I have the following requirement:
Load a large amount of data from a comma-delimited csv file.
I read the file, creating a POJO with a hibernate mapping, for each line.
These objects are complete except for ID which is not available in the csv.
For each object I look up a possible existing reference in the database by criteria other than id. If an object is found and has differences from the data in the csv file, then the csv data is updated into the found object and the found object is updated. If an object is found which does not differ from the csv data, nothing is done in the database. If no object is found, the id-less object in the POJO created from the CSV is saved., persisting it for the first time.
I want to do all this under a transaction. However, it's way too slow. What slows it down is caching. The more records have been processed, the larger the cache, and the more work hibernate must do when looking for existing records and the slower the processing proceeds.

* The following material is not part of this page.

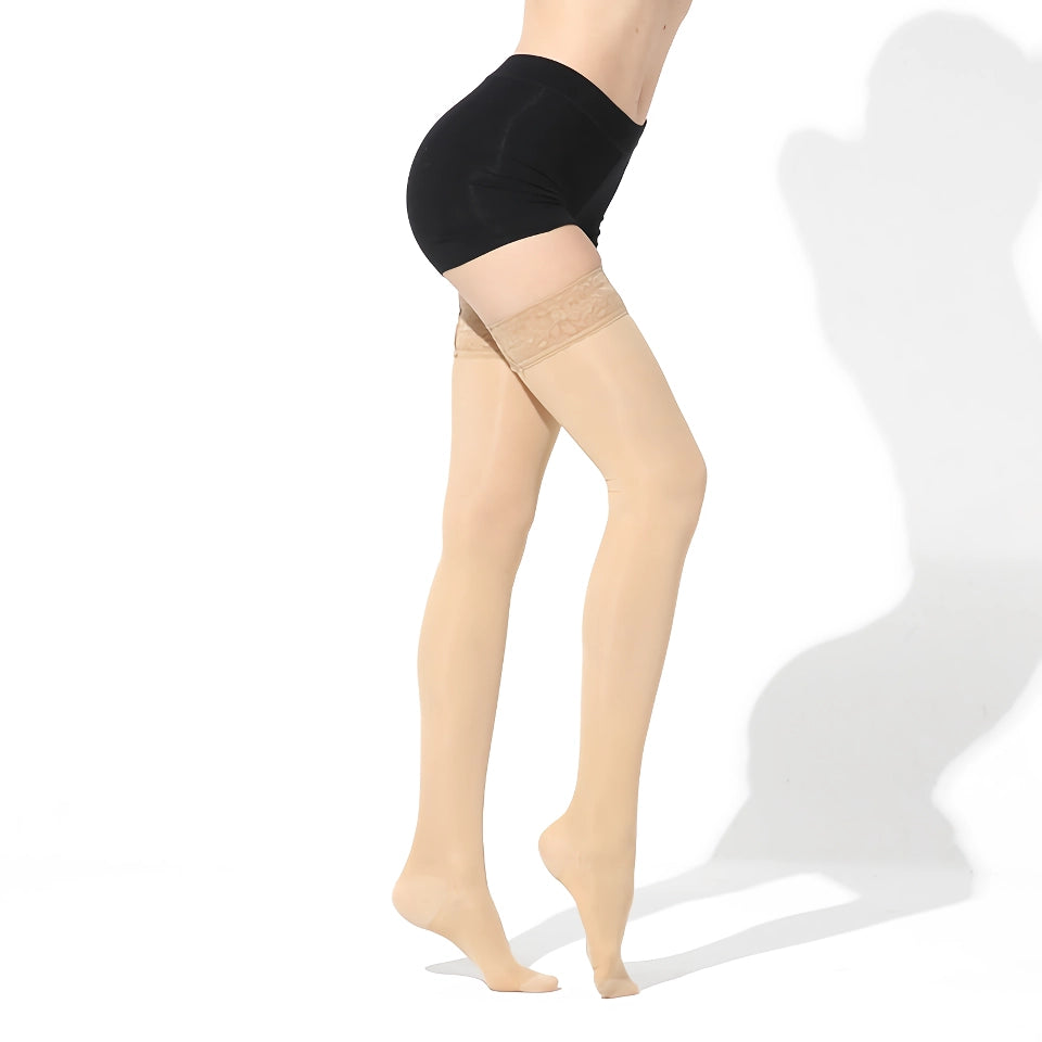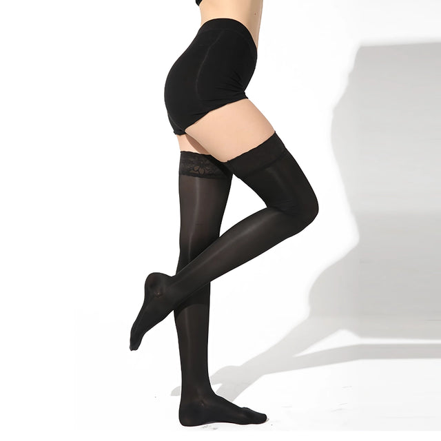 Estas medias hasta el muslo son perfectas para las mujeres que buscan aliviar las venas varicosas sin dejar de sentirse a la moda. La compresión graduada ayuda a mejorar la circulación sanguínea, reducir la hinchazón y aliviar las molestias, lo que las hace ideales para largas jornadas de trabajo, eventos sociales o incluso para relajarse en casa. La elegante banda de encaje añade un toque de elegancia, lo que garantiza que te sientas hermosa mientras cuidas tu salud. Lo que hace que estas medias sean realmente especiales es su combinación de funcionalidad y estilo. Están hechas de una mezcla de nailon y licra de alta calidad y ofrecen un ajuste cómodo que se mueve contigo durante todo el día. El material transpirable garantiza que te mantengas fresca, lo que las hace perfectas para usarlas en verano. Ya sea que te vistas elegantemente para salir por la noche o simplemente para hacer recados, estas medias harán que tus piernas se sientan bien y luzcan fabulosas.

When the table is empty and all data will be inserted, I can, therefore achieve a speed increase by evicting each item from the cache after it is persisted. But this fails when there is some preexisting data in the database. I get these errors:
6530 ERROR [main] hibernate.AssertionFailure: an assertion failure occured (this may indicate a bug in Hibernate, but is more likely due to unsafe use of the session)
net.sf.hibernate.AssertionFailure: possible nonthreadsafe access to session
at net.sf.hibernate.impl.SessionImpl.postInsert(SessionImpl.java:2350)
at net.sf.hibernate.impl.ScheduledInsertion.execute(ScheduledInsertion.java:30)
at net.sf.hibernate.impl.SessionImpl.executeAll(SessionImpl.java:2382)
at net.sf.hibernate.impl.SessionImpl.execute(SessionImpl.java:2335)
at net.sf.hibernate.impl.SessionImpl.autoFlushIfRequired(SessionImpl.java:1775)
at net.sf.hibernate.impl.SessionImpl.getQueries(SessionImpl.java:1536)
at net.sf.hibernate.impl.SessionImpl.find(SessionImpl.java:1501)
at net.sf.hibernate.impl.SessionImpl.find(SessionImpl.java:1491)
at com.fubar.persist.BaseDAO.retrieveObjs(BaseDAO.java:301)
at com.fubar.SalesDAO.getMatchingSalesByLocation(SalesDAO.java:206)
This stack trace is strange. Why is postInsert() called in the middle of a query? It appears that this is caused by autoFlushIfRequired. How can this be defeated? Or is there another way to defeat the performance-killing effects of caching?
|